Projektfortschritt an der Uniklinik Jena

2 Juni 2020 15:59

Die Bauarbeiten an der Uniklinik in Jena gehen weiter ihren Gang. Obwohl Corona auch hier zu spüren ist, geht es gut voran.

Der Rohbau ist fertiggestellt und der Ausbau hat begonnen, die Bauarbeiten verlaufen nach Plan. Arbeitssicherheit und Gesundheit stehen bei BAM Deutschland nicht nur in der aktuellen Situation an erster Stelle. Die Maßnahmen bezüglich Abstand, Schutz und Hygiene sind am Projekt weiter verschärft worden, um die Mitarbeiter bestmöglich zu schützen.

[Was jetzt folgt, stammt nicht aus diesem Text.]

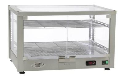 Vyhřívaná stolní vitrína WD 780 SI od francouzského výrobce ROLLER GRILL. Určena speciálně pro snack bary, pivnice, pekařství, čajovny, atd.Elektricky vyhřívaná vitrína na quiche, pizzy, croissanty, buchty, zákusky, sýr nebo vepřové pusinky apod.Udržuje konstantní teplotu.Se zvlhčováním (nádobka na vodu).
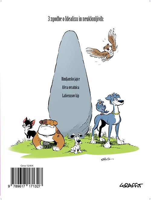 Tri nove zgodbe (Rimljansko jajce, Afera ovratnica in Labienusov kip) kužka, ki ga poznamo iz Asteixa v stripu in pravkar spremljamo na Pop TV.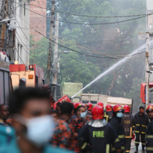 10月14日,在孟加拉国首都达卡,消防人员在火灾现场救援。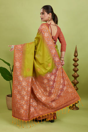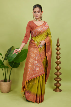 This exquisite two-tone Banarasi handloom silk saree is offered in eight stunning colors, each revealing subtle shade variations under different lighting. Featuring finely woven copper zari floral motifs, along with a meticulously crafted pallu and border, it harmonizes traditional artistry with luxurious elegance, making it an exceptional choice for refined celebrations.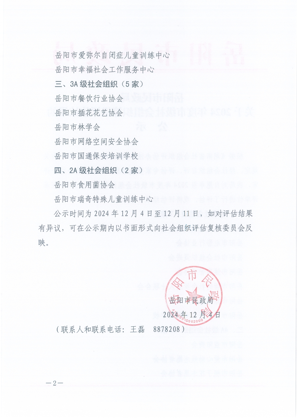 岳阳市民政局关于2024年度市级社会组织等级评估结果的公示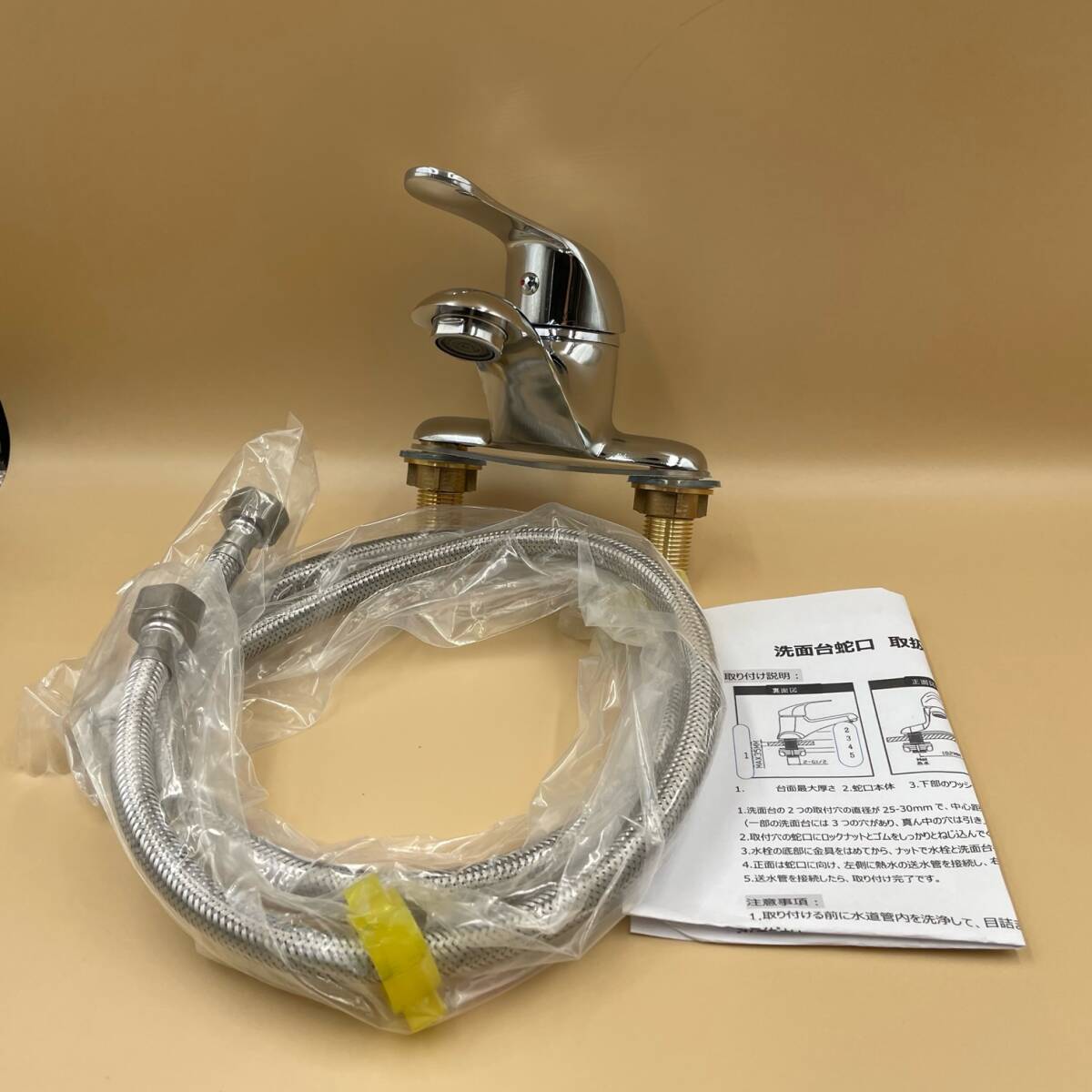 (A) 洗面蛇口 混合水栓 2穴 シングルレバー 洗面台 蛇口 交換 DIY 混合栓 キッチン おしゃれ 水栓金具 2ホール 真鍮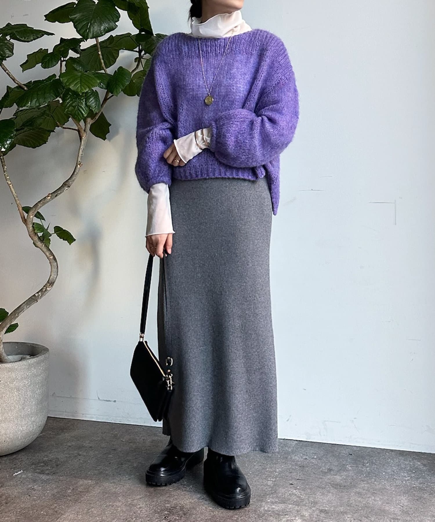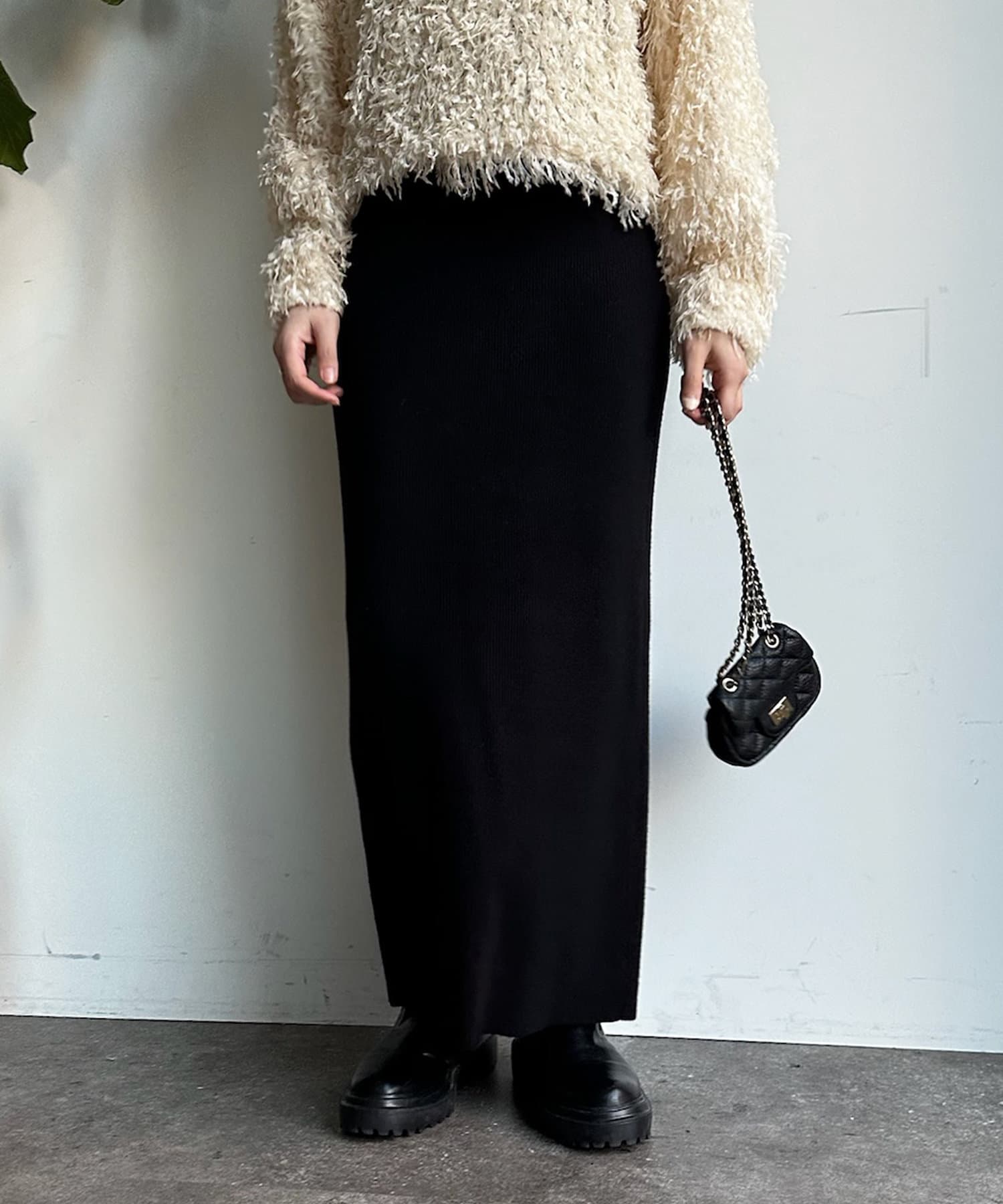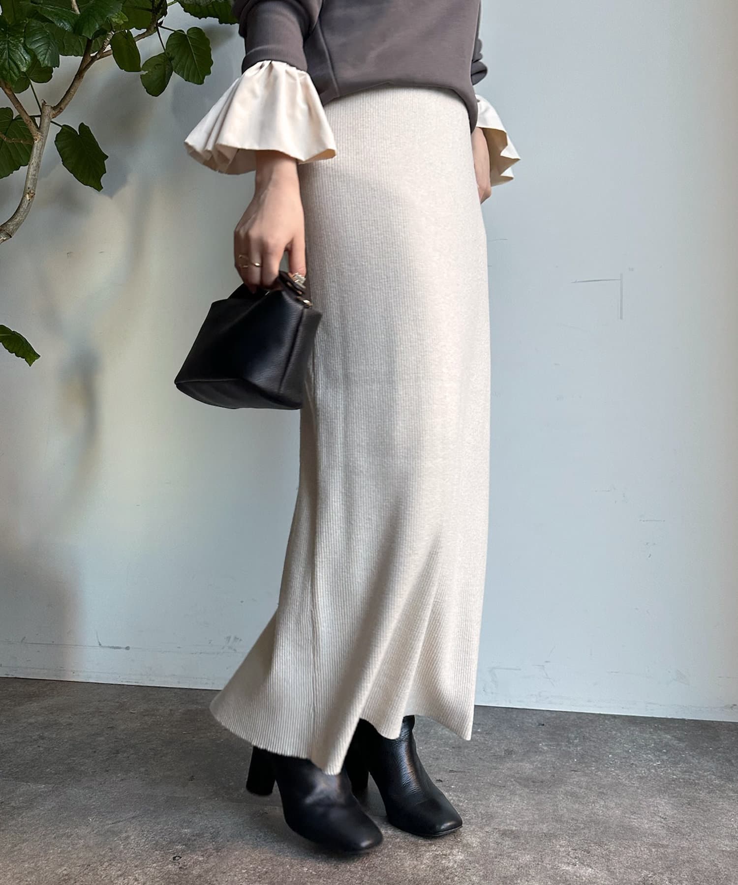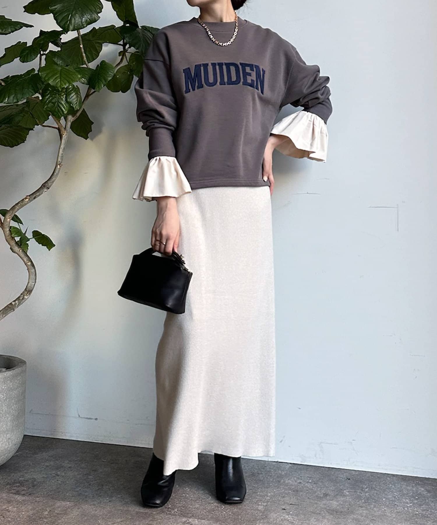程よくボディラインに沿うIラインのタイトシルエットでありながらも、ぴたぴたとした窮屈感はなくリラクシーな着心地。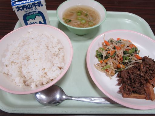 今日の献立は「かわりビビンバ」「ワンタンスープ」「ぎゅうにゅう」です。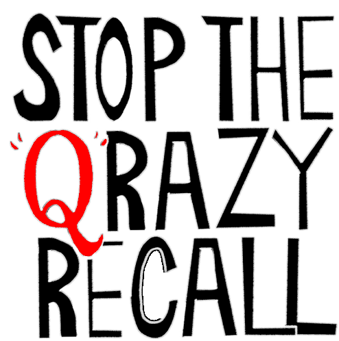 Sticker urging to "STOP THE QRAZY RECALL" and "Keep CA Blue", referencing the California recall election and Gavin Newsom.
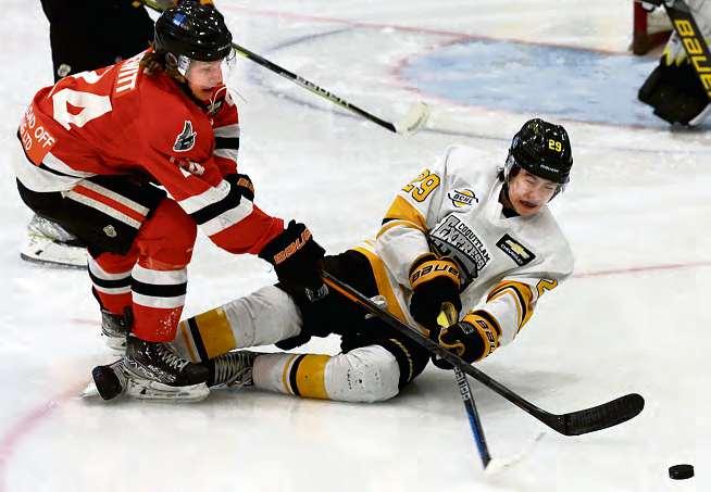 Coquitlam Express winger Emmett McHardy is dumped by Nanaimo Clippers forward Jake Hewitt as they battle for the puck in the first period of their BC Hockey League game, Sunday (Feb. 26) at the Poirier Sport and Leisure Complex. Nanaimo scored three times in the second period to win, 4–1 The result left the Express with a split of its weekend games after a 7–6 win over the Langley Rivermen last Friday (Feb. 24). The Express continued its quest to improve its seeding for the playoffs with a game against the Surrey Eagles Wednesday, after the Tri-City News’ print deadline. Heading into the game Coquitlam was in fourth place in the BCHL’s Coastal divsion, two points behind the Alberni Valley Bulldogs and two ahead of the Chilliwack Chiefs and Victoria Grizzlies.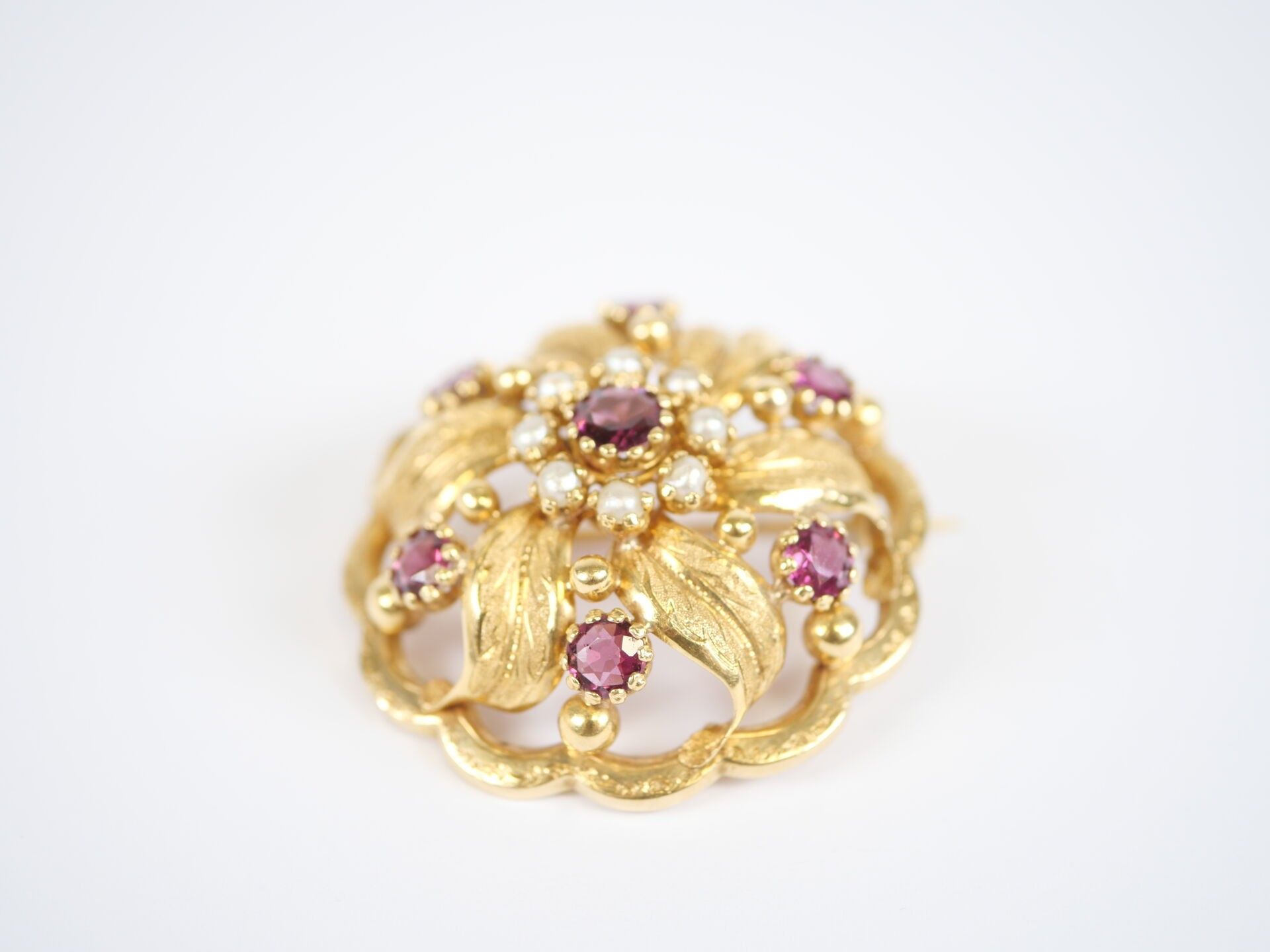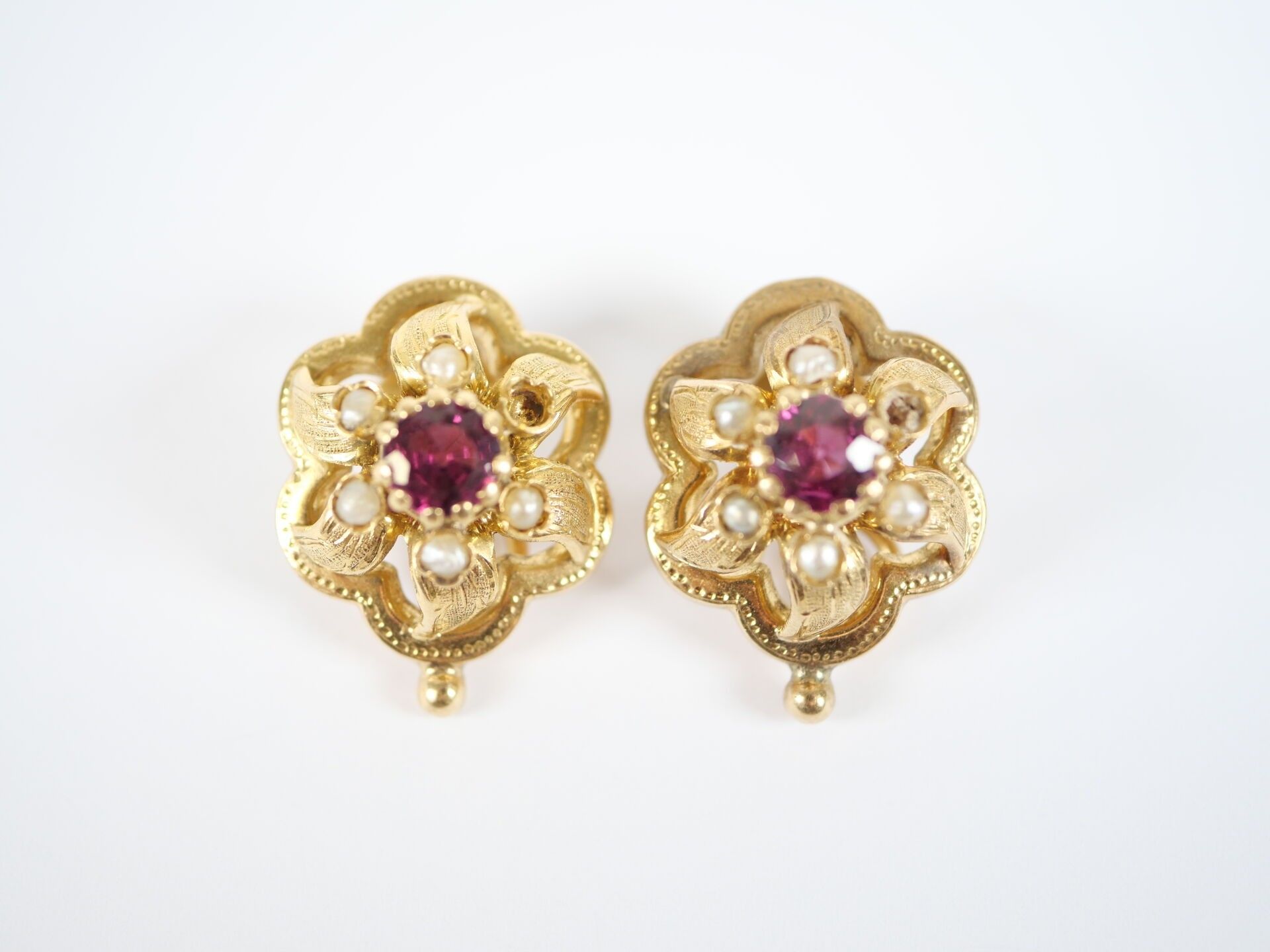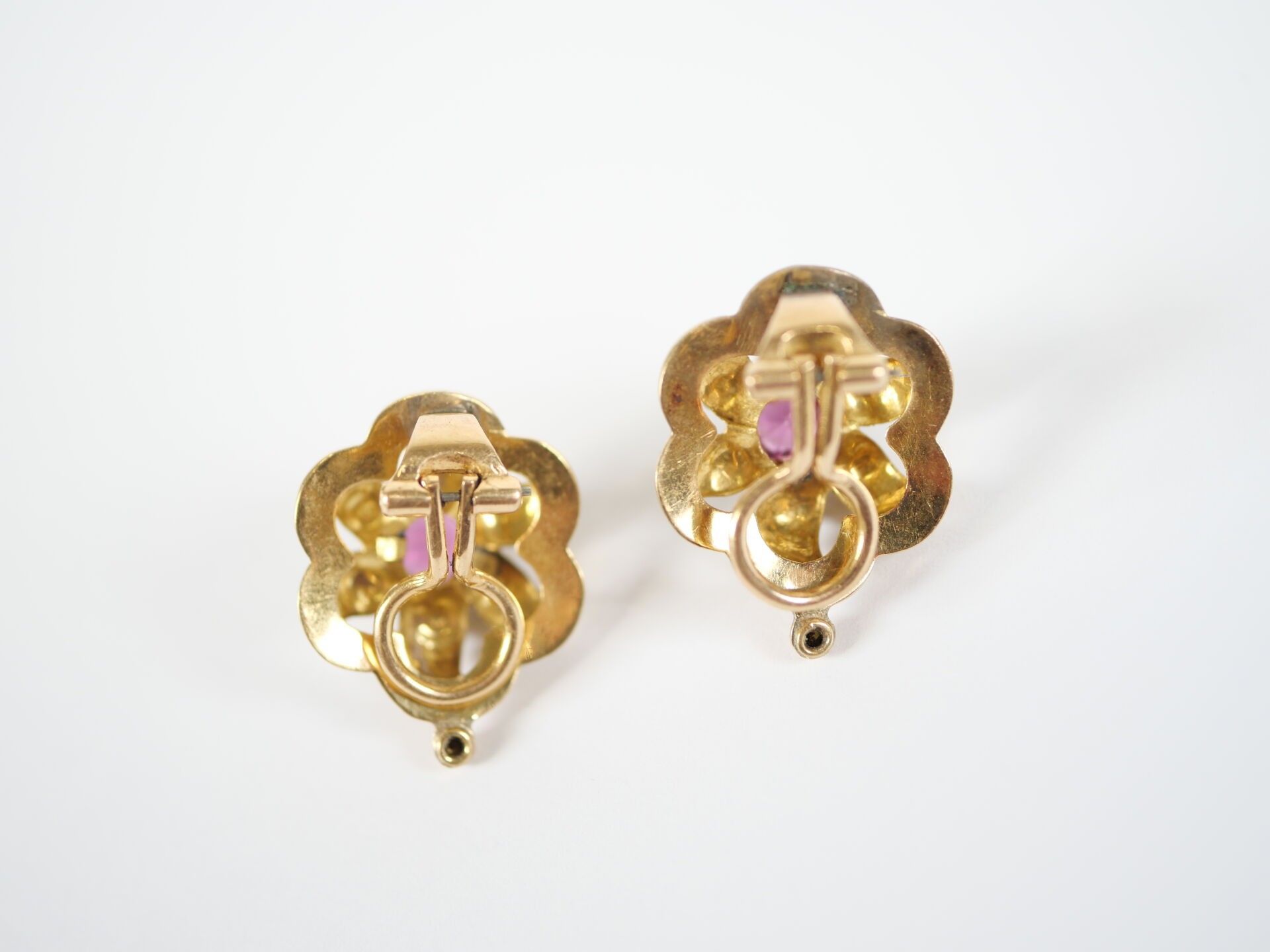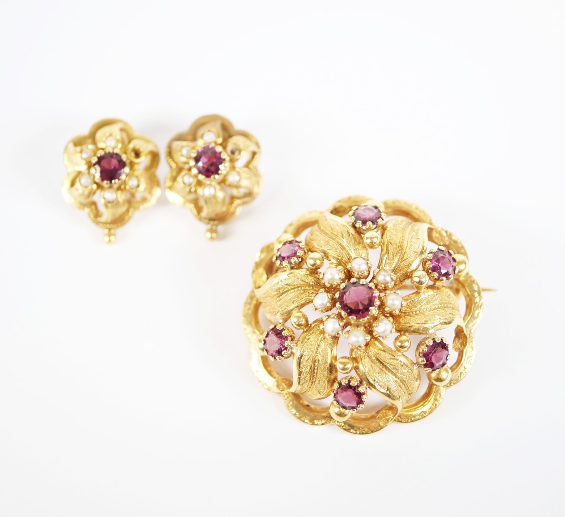 Set in 18K (750‰) yellow gold decorated with stylised flowers, adorned with numerous faceted round amethysts and fine pearls mounted in claw-sets, comprising a brooch and a pair of ear clips.

In allen an das Baufeld angrenzenden Gebäuden läuft der Klinikbetrieb indes weiter. Auch zum Schutz der Patienten konnte BAM Deutschland ihren Beitrag leisten. Um auf einen möglichen Zuwachs an Corona-Patienten vorbereitet zu sein, hat das Universitätsklinikum Jena die Aufnahmekapazitäten seiner Zentralen Notfallaufnahme im April erweitert. Mit Hilfe von BAM Deutschland wurde eine Corona Notfallstation aus BAM Containern vor der Uniklinik errichtet. Bisher mussten die Container noch nicht zum Einsatz kommen, sie werden aber vorerst betriebsbereit gehalten, um im Ernstfall einsatzbereit zu sein. Auf diese Weise kann sichergestellt werden, dass auch bei steigenden Fallzahlen alle Notfallpatienten angemessen versorgt werden können.

Das Gebäude A5 des Neubaus der Uniklinik Jena ist der letzte Teil der Bauarbeiten und ermöglicht durch seine Anbindung an die Bestandsgebäude eine moderne Infrastruktur für das neue akademische und medizinische Zentrum in Jena-Lobeda. Auf sechs Ebenen werden insgesamt 470 Räume zur Verfügung stehen. Beherbergen wird das Gebäude die Kliniken für Strahlentherapie und Radioonkologie, Geriatrie, Dermatologie, ein Schlaflabor, eine zusätzliche Intensivstation, zwei Allgemein-Pflegestationen, die psycho-onkologische Tagesklinik sowie Räumlichkeiten für Forschung und Lehre.